Forget Man-Made Structures or Attractions, Nature Beckons...


Nowadays when I travel, I prefer going on a hike and a boat trip rather than shop or visit museums. It's impossible to resist the green lungs of the nature reserves, the scenic beauty of the mountains, the aquamarine blue of oceans and rivers that beckon, and the mystery of caves that have existed centuries ago

I have yet to meet anyone who hates the gentle caress of the wind on their skin, the fleeting screech of a seagull or the soothing sounds of waves crashing on the beach.

It is said that reminiscing comes with age. So it is that my appreciation of the amazing wonders of nature has kept pace with the grey hairs that merrily spread their territorial claim on my head.

I pay more attention now to the rich diversity of wildlife, flora and fauna. The traditions and simple - or challenged - lives of the people and homes I visited. The rich history that has bound and defined existing customs and traditions. Most of all, it's the peace and quiet away from the humdrum of busy city life that I sometimes crave. I get this when I go on such "breaks". 

Many trekking trails in the
mountainous north,
with a small town
My nature sojourns are my way of coping with stress. Recollections of such holidays I will always hold dear, and I hope they will never fade like the pages of an old and tattered book.

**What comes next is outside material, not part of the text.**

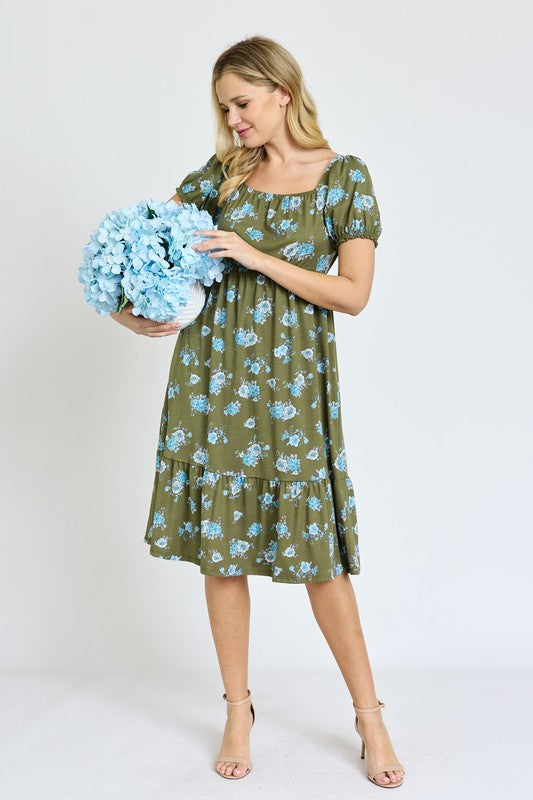 Floral Square Neck Puff Sleeve Boho Dress

Over the past year, I had my Kodak moments of sojourns to Borneo's Gaya Island in Sabah, to Noosa on Australia's Sunshine Coast, both of which I blogged about.  

Most recently, I was captivated by Sapa and Halong Bay in north Vietnam. Especially my overnight stay on the Victory Star, one of many Victorian-day replica ships that cruise the tranquil waters of Halong Bay. 
 Some balancing act!
The tribes in Sapa depend on farming and tourism for a living



Victory Star

Its marketing brochure describes the Victory Star as a luxurious and classic style junk cruise. I was't expecting much, after a rather harrowing 10-hour train ride to and from Sapa in Vietnam's mountainous north (which I'd rather not describe).

The Victory Star was close to a 5-star floating resort. At least in my experience, it was luxury accommodation unexpected. Do your research on TripAdvisor  though, which, to be expected, gives both glowing and not-so-good reviews. 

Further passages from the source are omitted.